Please restate each line of the material word for word and omit any pictures.
(GIVEN MATERIAL)
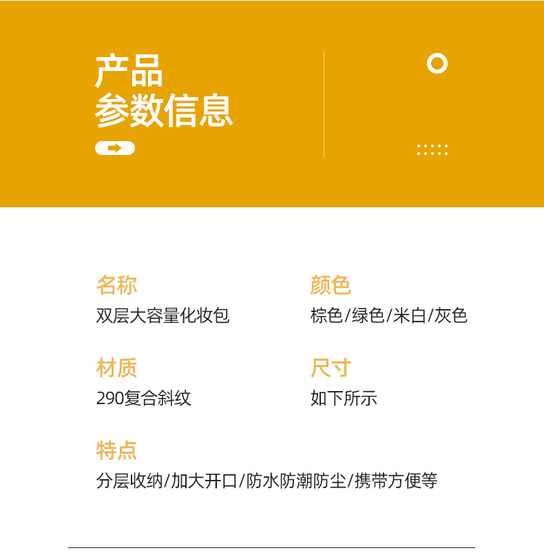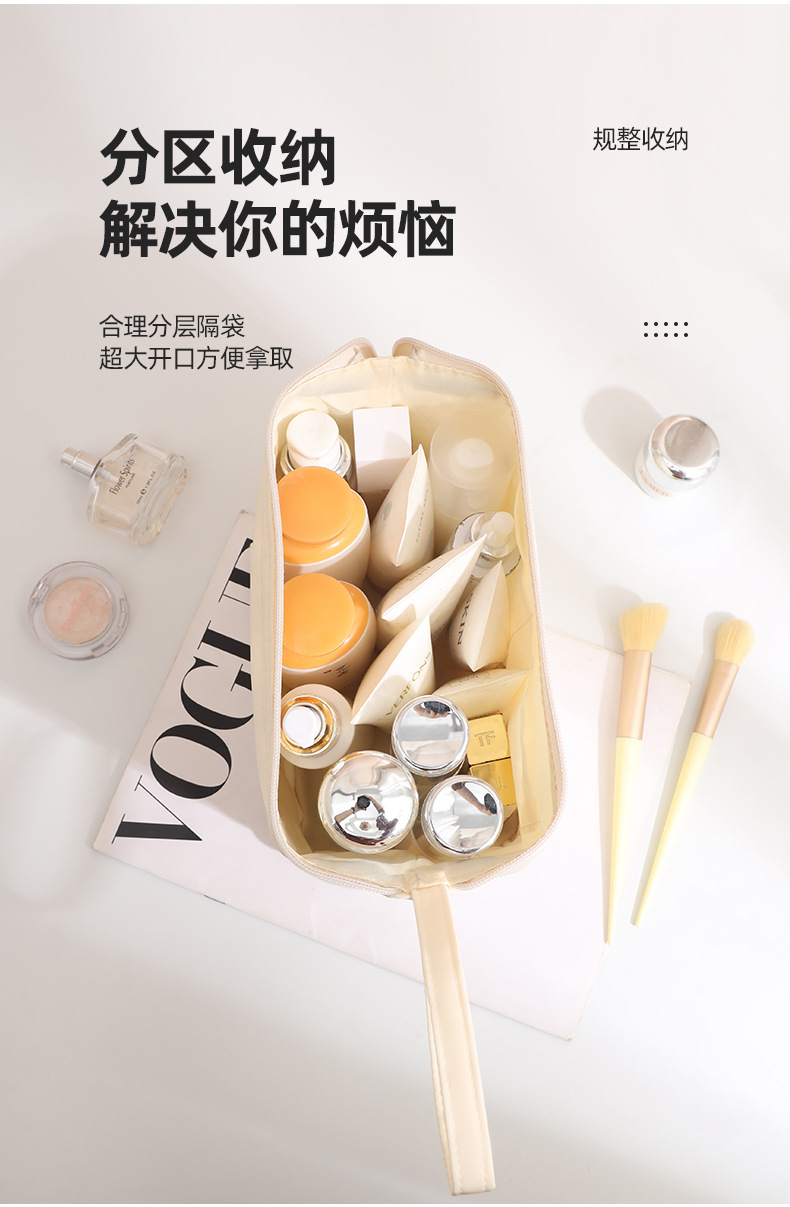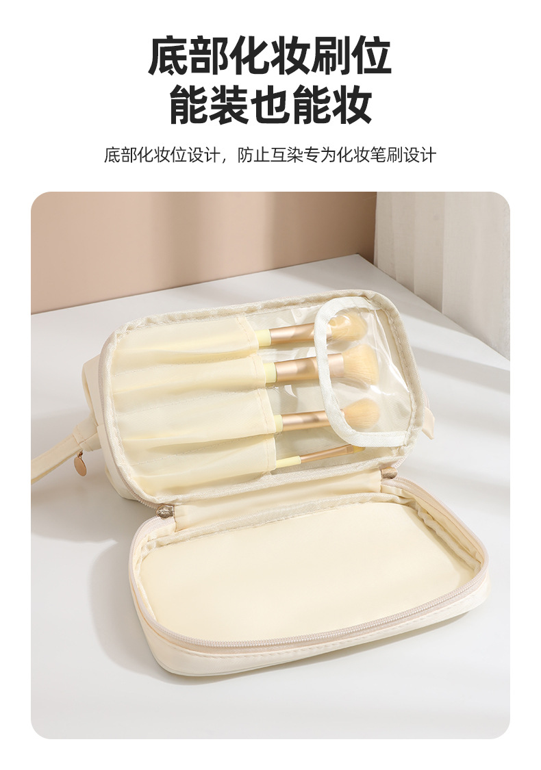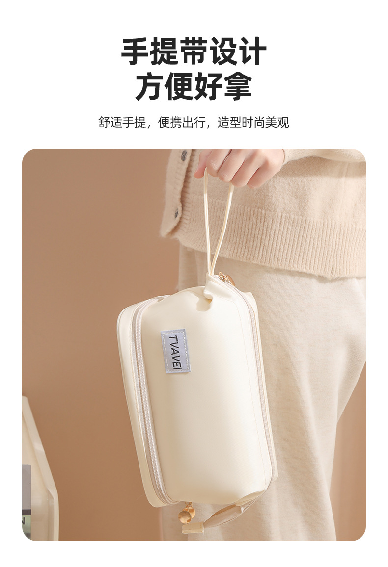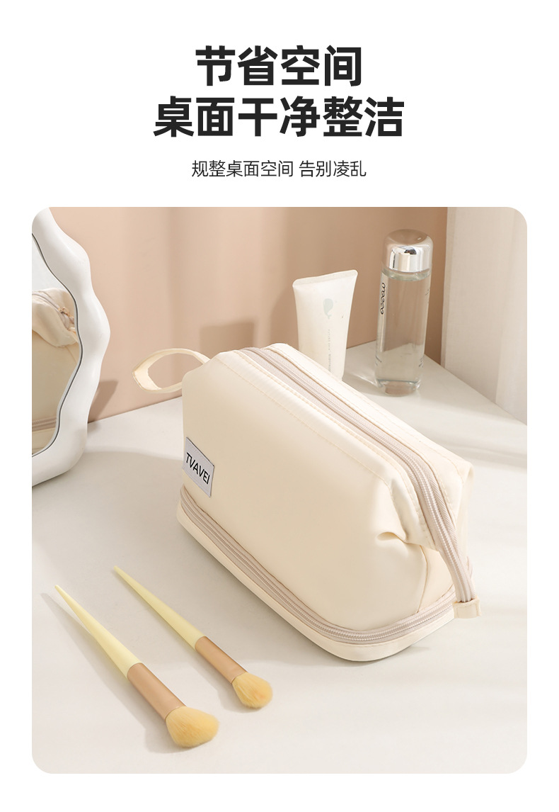 Runhui 능직 더블 레이어 화장품 가방 솔리드 컬러 비즈니스 여행 세면 용품 가방 대용량 화장품 보관 가방 더블 레이어스토어 가기
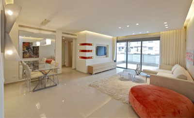 ספה פינתית גדולה בגוון בהיר, שטיח בשמנת ורהיט מינימליסטי מולם מאפיינים את המרחב המיועד יותר לאורחים וקצת פחות לבני הבית. פינת האוכל המכילה במצבה הסגור ארבעה סועדים, מצאה את מקומה בכניסה למטבח. בצמוד אליה נבנתה נישה גדולה ובתוכה הותקנה, מגובה הרצפה, מראה עצומה המכפילה את גודלו של השולחן ופותחת במשחק התעתועים המאפיין את הדירה כולה.
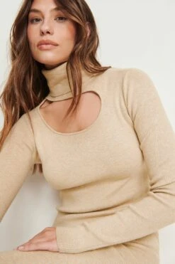 This knit dress is long and features long sleeves, a turtleneck, a cut out detail on the chest and a soft touch.
(End GIVEN MATERIAL)
**ANSWER BOX:**
 Runhui 능직 더블 레이어 화장품 가방 솔리드 컬러 비즈니스 여행 세면 용품 가방 대용량 화장품 보관 가방 더블 레이어스토어 가기
 ספה פינתית גדולה בגוון בהיר, שטיח בשמנת ורהיט מינימליסטי מולם מאפיינים את המרחב המיועד יותר לאורחים וקצת פחות לבני הבית. פינת האוכל המכילה במצבה הסגור ארבעה סועדים, מצאה את מקומה בכניסה למטבח. בצמוד אליה נבנתה נישה גדולה ובתוכה הותקנה, מגובה הרצפה, מראה עצומה המכפילה את גודלו של השולחן ופותחת במשחק התעתועים המאפיין את הדירה כולה.
 This knit dress is long and features long sleeves, a turtleneck, a cut out detail on the chest and a soft touch.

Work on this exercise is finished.